Thursday, October 25, 2012

Buy the Commodity Dip, Or Wave Goodbye?

Global commodity markets are trading in very disjointed fashion, with huge divergence within the soft commodity markets, some precious metals easily holding higher while others are testing support, and resource commodities now starting to look overweight on speculative interest.

Unlike the regular use of commodity markets, that historically hedge forward commitments on global growth or contraction, the increase in speculative use of commodity markets to hedge dollar manipulation and regional civil unrest will now start to create volatility on an intraday basis. Tests of upside resistance are now weak and are not holding as easily as they have done previously.

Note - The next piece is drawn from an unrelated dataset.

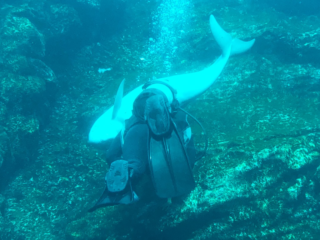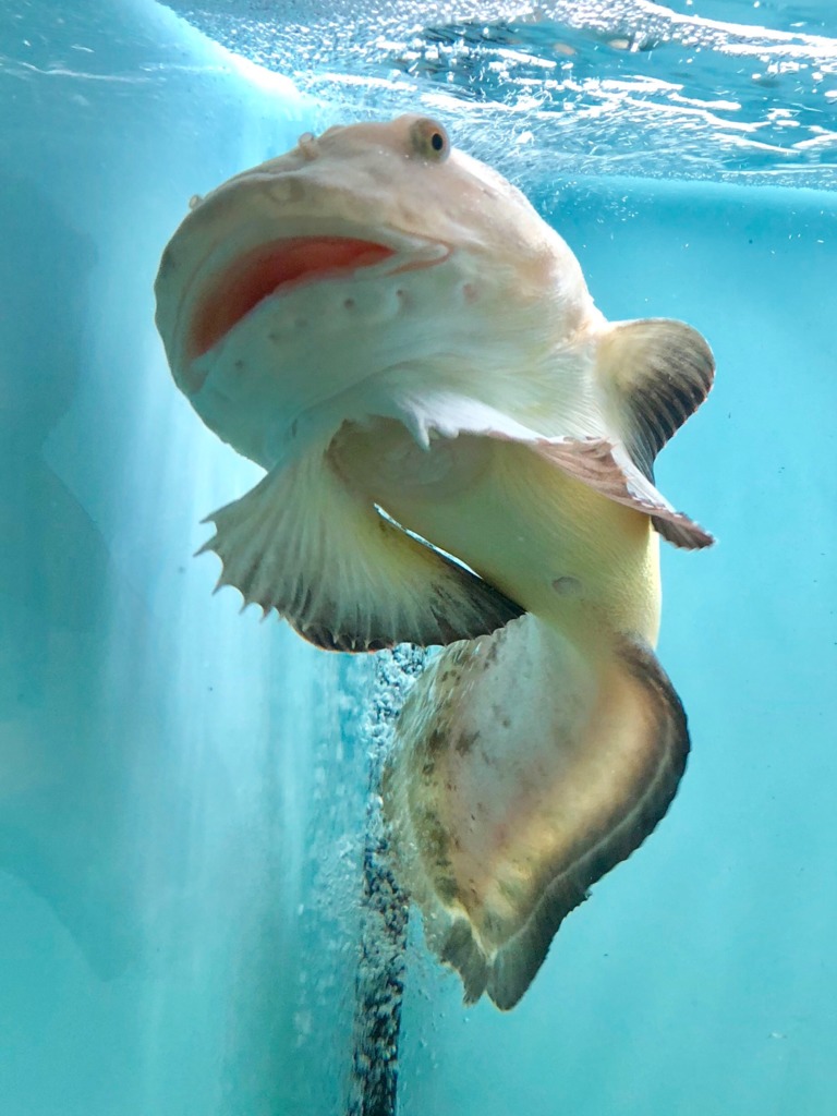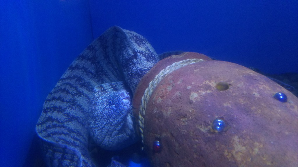 ラブカちゃんのお顔。ヒレが小さくて大きなウミヘビみたいです。

Gold bullion futures trade continues its 12-session sideways crawl, that has main support at 1400 and major resistance at 1450. Trend, momentum, sentiment, and price action reads are all confirming that fair value has been found on gold, with one or two 30-minute periods of trade each day containing most of the 24-hour session moves. There are no new signals forming at this point in time, either long or short, on gold bullion.

Silver bullion trade is holding a long trend, although in recent trade the Momentum and Sentiment Indicator signals have started to show the potential for moves to test support. The 20-day simple moving average at 33.50 would seem to be a likely downside target; that, from a technical perspective, would very likely be where algorithms would step in to buy the dip. Now may not be the time to be looking to build a new long position in silver, as intra-day price action has become sporadic, and is starting to be impacted by sound-bite headlines that until recently had been ignored to the greater extent.

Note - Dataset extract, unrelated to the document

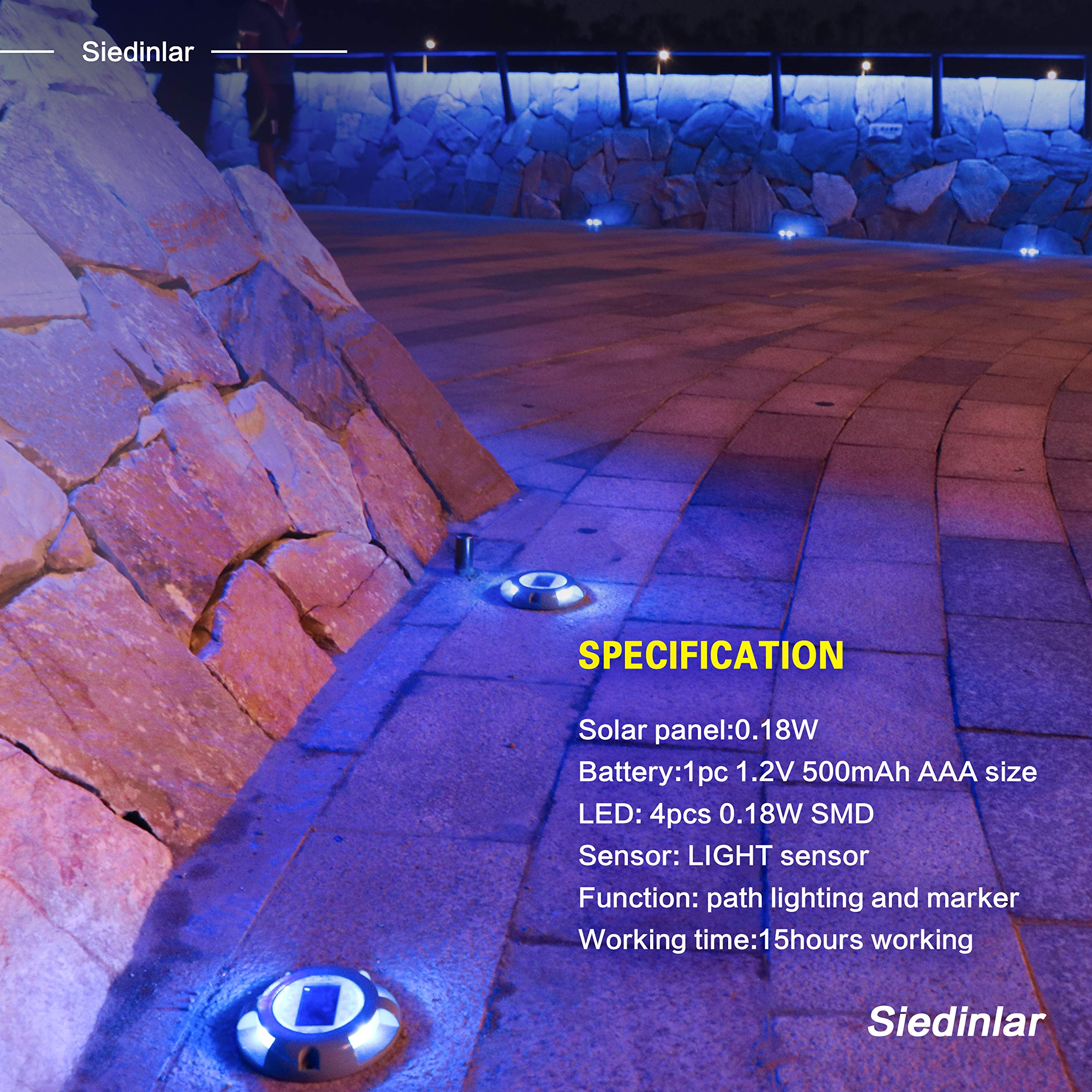 【Elegant Design】Siedinlar Solar deck lights is made of aluminium alloy, solar panels, led, and storage battery. With its pressure resistance design, no need for hand controlling, simple, safe.

West Texas intermediate oil futures trade, the most liquid of global oil contracts, have held an initial test of support at 102.50, which has very bullish mid-term charts that are starting to signal that a period of consolidation will be expected, and at worst that a test of 100.00 may be coming. There are more than enough fundamental reasons for speculative traders to be on the long side of crude oil trade, but without good reason, and actually being able to continually break upside resistance that history tells us is something that could be short-lived. It looks as though dips to test support will be bought on WTI, but traders may be well advised to wait for the big dip, and at that point gauge the strength of the momentum if 101.50 as broken of support.

Disclosure: I have no positions in any stocks mentioned, and no plans to initiate any positions within the next 72 hours.